Cellular Phones Coming In

San Francisco Business Magazine; Jan. 1994

Expect improved service from your cellular phone with the introduction of digital cellular service by Cellular One. By converting voice signals into the computer codes of ones and zeroes, three times as many calls can be transmitted over cellular radio frequencies. The result will be clear sound, no static, fewer dropped calls, a longer phone battery life and more privacy.

Although the new digital phones cost about $500, $300 more than the standard cellular phone (which transmits sound waves like a radio), Cellular One promises the new technology will save users 10 percent off their current rates. "Digital technology triples the capacity of our system, which mean less investment per subscriber," says Alan Brune, the company's vice president of marketing and strategic planning.

The only other areas in the US offering digital cellular service are Los Angeles, Florida, Chicago and the Pacific Northwest.

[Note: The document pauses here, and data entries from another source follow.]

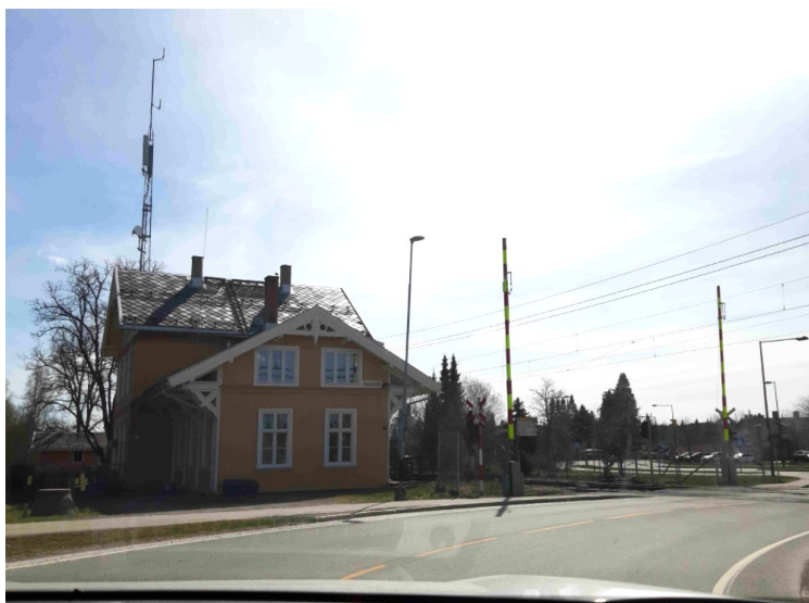
Et fint gammelt hus tvers over veien fra Magnor Glassverk.
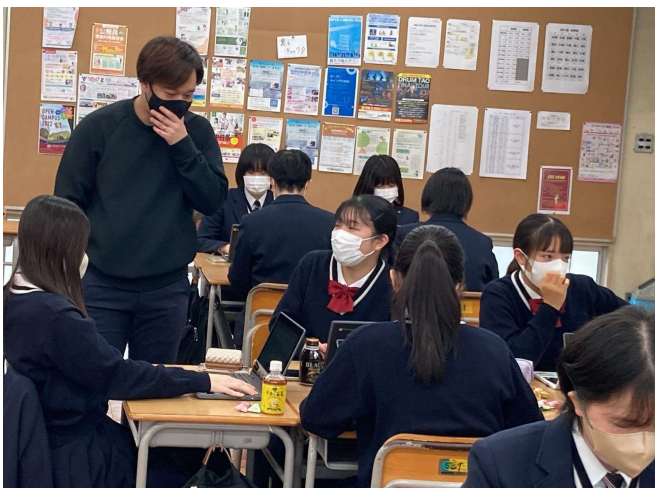
過去の類似プログラムの様子①（15名規模／早稲田大学系属早稲田実業学校様にて）
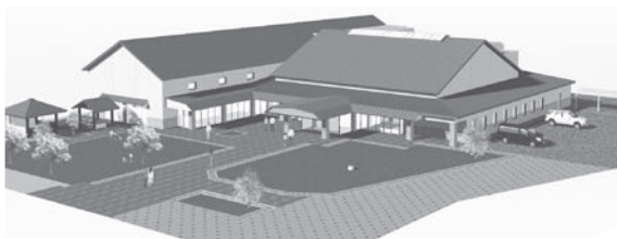
▲(仮称)新郷土資料館完成予想図
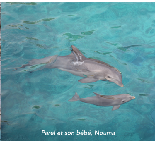
Parel et son bébé, Nouma

À la surface des bassins, exposés aux UV nocifs pour leurs yeux et leur peau, les cétacés sont contraints d'obéir par la privation de nourriture. Ils ne mangeront plus sans contrepartie.
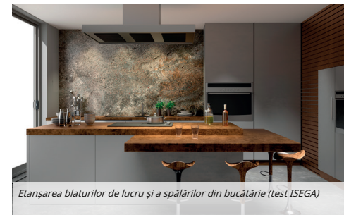
Etanșarea blaturilor de lucru și a spălărilor din bucătărie (test ISEGA)
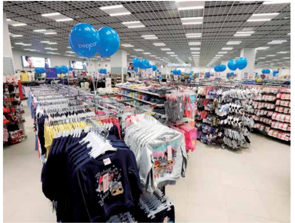
Pepco, la compañía de retail no alimentaria más grande de Europa.

Por último, junto a las instalaciones de LEPILANDIA en la planta Segunda del Centro Comercial, la empresa de ocio KSB Sport con su línea KSB Kart, también ha anunciado su próxima inauguración. KSB Sport tiene una dilatada experiencia en el mundo del deporte infantil, en donde de una manera pionera, desarrolla circuitos con vehículos
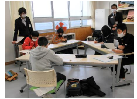
小中リーダー研修 箕蚊屋中学校で各委員会の活動を報告しました。伯仙、箕蚊屋小の代表と一緒に取り組みについて話し合いました。
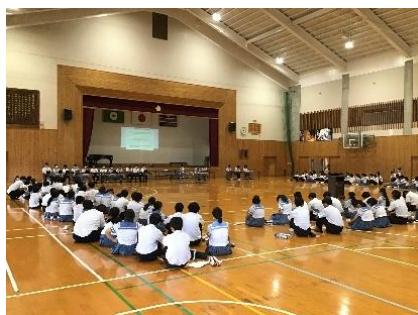
お互いの顔が見える生徒総会の様子

中スマホールール、いじめ撲滅宣言などを全校生徒が参加して話し合いました。3年ぶりに対面での生徒総会ができ、本当によかったと思いました。

Look for local service along major highway corridors around San Francisco and San Jose, the San Francisco financial district and near San Jose where highways 280 and 880 intersect.

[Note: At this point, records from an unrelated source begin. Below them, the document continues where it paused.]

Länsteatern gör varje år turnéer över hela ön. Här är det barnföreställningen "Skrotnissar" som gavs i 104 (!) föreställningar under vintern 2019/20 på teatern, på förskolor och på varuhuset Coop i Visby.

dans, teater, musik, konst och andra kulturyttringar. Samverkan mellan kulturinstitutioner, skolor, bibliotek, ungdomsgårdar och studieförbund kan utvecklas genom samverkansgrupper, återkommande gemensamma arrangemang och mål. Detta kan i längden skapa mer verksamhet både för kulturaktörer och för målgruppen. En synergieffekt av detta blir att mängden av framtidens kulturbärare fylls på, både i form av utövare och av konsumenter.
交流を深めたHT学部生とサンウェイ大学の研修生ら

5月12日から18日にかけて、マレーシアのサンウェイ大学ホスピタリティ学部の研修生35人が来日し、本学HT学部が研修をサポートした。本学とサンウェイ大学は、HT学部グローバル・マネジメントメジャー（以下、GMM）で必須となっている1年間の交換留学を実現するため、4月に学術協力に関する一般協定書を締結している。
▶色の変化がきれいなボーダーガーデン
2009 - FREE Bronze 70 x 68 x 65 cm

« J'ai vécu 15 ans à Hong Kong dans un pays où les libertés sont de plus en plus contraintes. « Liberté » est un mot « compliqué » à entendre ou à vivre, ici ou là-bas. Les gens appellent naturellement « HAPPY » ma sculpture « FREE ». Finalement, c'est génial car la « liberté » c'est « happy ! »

Cellular One, the only provider of digital service in the Bay Area, says the new phones will eventually include pagers and, because you can expect more calls with improved service, a screening feature that will allow you to designate different rings to different callers.

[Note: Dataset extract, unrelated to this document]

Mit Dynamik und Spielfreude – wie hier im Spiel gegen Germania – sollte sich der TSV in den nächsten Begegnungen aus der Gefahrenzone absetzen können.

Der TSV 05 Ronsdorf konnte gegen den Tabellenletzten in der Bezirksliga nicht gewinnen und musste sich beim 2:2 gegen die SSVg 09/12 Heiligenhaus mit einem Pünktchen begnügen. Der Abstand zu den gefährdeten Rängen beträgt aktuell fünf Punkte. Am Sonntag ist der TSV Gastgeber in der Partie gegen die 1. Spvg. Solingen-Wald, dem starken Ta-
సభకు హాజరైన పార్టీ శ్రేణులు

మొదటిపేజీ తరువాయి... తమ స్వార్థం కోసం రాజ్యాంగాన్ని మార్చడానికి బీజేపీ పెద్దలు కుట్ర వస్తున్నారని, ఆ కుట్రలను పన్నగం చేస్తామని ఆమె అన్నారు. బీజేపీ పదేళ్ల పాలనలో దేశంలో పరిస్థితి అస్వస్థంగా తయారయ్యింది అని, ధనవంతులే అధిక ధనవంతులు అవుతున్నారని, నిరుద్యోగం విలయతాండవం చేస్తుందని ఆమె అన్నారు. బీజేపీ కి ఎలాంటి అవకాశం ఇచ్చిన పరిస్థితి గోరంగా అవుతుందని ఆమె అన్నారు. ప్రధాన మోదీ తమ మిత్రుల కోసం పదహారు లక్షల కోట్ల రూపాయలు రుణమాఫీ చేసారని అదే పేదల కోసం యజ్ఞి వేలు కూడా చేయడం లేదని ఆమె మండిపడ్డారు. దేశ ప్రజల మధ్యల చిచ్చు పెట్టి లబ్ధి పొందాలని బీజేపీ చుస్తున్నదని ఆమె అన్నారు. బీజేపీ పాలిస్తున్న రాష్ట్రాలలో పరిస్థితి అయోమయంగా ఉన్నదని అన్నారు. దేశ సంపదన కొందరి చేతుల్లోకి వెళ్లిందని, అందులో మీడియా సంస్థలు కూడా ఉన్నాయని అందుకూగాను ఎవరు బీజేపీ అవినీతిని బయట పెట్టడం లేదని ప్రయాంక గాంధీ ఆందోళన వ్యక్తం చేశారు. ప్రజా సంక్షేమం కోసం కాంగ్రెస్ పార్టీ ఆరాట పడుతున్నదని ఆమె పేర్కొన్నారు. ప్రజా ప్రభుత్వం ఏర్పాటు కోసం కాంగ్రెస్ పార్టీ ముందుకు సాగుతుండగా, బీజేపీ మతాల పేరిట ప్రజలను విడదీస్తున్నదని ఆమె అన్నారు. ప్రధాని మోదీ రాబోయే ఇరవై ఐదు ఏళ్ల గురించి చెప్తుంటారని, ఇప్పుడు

If you're groaning because you just bought a standard cellular phone, no need to worry, according to Lee Dorfman, whose company, Action Cellular Rent a Phone in San Francisco, rents cellular phones to such famous names as Mikhail Gorbachev, Nelson Mandela, Al Gore and Paul McCartney when they're in town. Dorfman says he thinks the total switch to digital won't happen for years if at all. "The Bay Area is oriented to technological advancements, but I don't think there's an urgency for small businesses to switch to digital anytime soon." Says Dorfman.